Hollywood Feud Makes Juicy TV

Mar 2, 2017

Can you feel the loath? Bette Davis (l) with Joan Crawford (r) and poor Jack Warner, head of Warner Brothers Studios, sandwiched between their barely contained animosity.
Credit K. Gabrielle / Flickr via Creative Commons

From the Hatfields and the McCoys to the Montagues and the Capulets, there's no denying the appeal of a big, juicy feud, especially when it bears the glamorous luster of Hollywood.

Bette Davis and Joan Crawford couldn't stand each other. Competitors on the classic Hollywood scene, they rarely missed an opportunity to diss one another.  Now a new TV series peeks behind the celluloid to reveal their mutual loathing and the conflict that arose when they co-stared in the camp classic, Whatever Happened to Baby Jane? 
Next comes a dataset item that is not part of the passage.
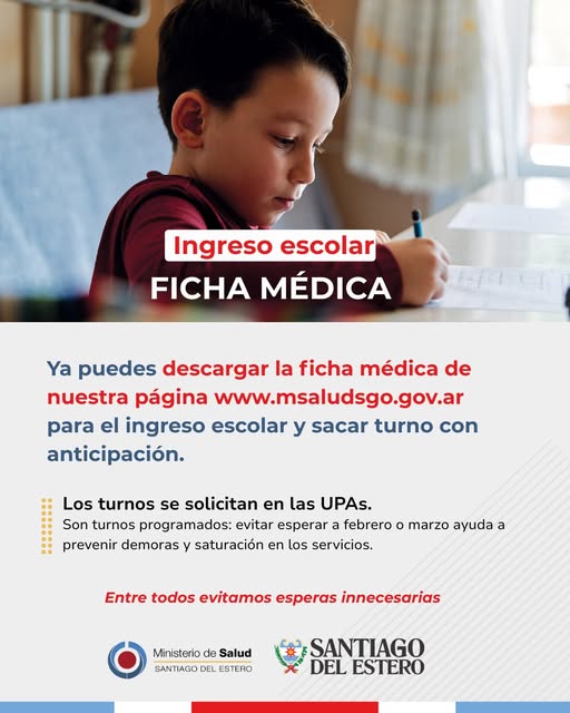 El Ministerio de Salud de la Provincia informa que ya se encuentra disponible la ficha médica obligatoria para el ingreso escolar, requisito necesario para niños y niñas que inician el ciclo lectivo.

Jessica Lange stars as Joan Crawford and Susan Sarandon stars as Bette Davis in Feud: Bette and Joan, a limited run series debuting this Sunday evening on FX. The show follows the conflicts between the sworn enemies and the struggles to bring the classic film to life. The show dives beneath the surface of the old fued, revealing details about Bette and Joan, but also about us, as consumers of popular culture. That's according to  GLT Culture Maven, Shari Zeck, who is the Associate Dean of the College of Fine Arts and an avid film scholar.   

"We have a love affair with celebrity," said Zeck.  "You add into that the fact that we, as a culture, are quite taken with conflict of all sorts. So you put celebrities having long standing dislike or disagreements in these public lives that they lead together with our love of celebrity itself and it's a great combination. After all, all narrative is, at its heart, about conflict."
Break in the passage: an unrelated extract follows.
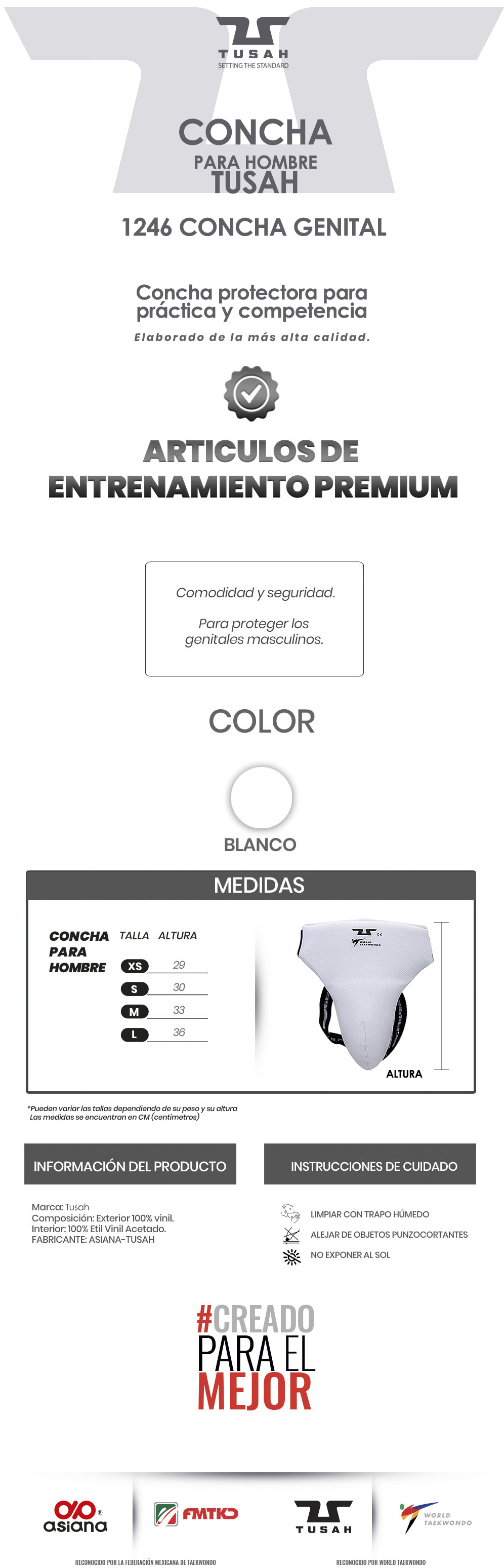Concha protectora genital para competencia y entrenamiento aprobada por la World Taekwondo, con correas de velcro ajustable

Zeck noted that having two aging classic actresses portrayed by two aging contemporary actresses at the core of the show is a rare thing, but increasingly possible with the ongoing demand for more and more content. "Of course advertisers want that 18-24 demographic of spenders who consume popular culture.  But because we have such a wide range of viewers demanding that content, advertisers know that there's money to be made even from older folks. I think that need for content means that there are pockets of interest for this sort of entertainment."

"I think one of the things that made people love Whatever Happened to Baby Jane is that it's these two old broads, thought to be past their prime, past their beauty point, going after each other in the most cruel and horrific ways. With the two figures of Bette and Joan, there's just a certain level of delight because of the petty and ridiculous ways they would get at each other. We  have some icky interest in seeing how low people will sink, and in knowing that even the wealthy, the famous, the really successful can still be ridiculously low and cruel. I suppose in some way, there's something comforting in that, that we can still feel superior to them."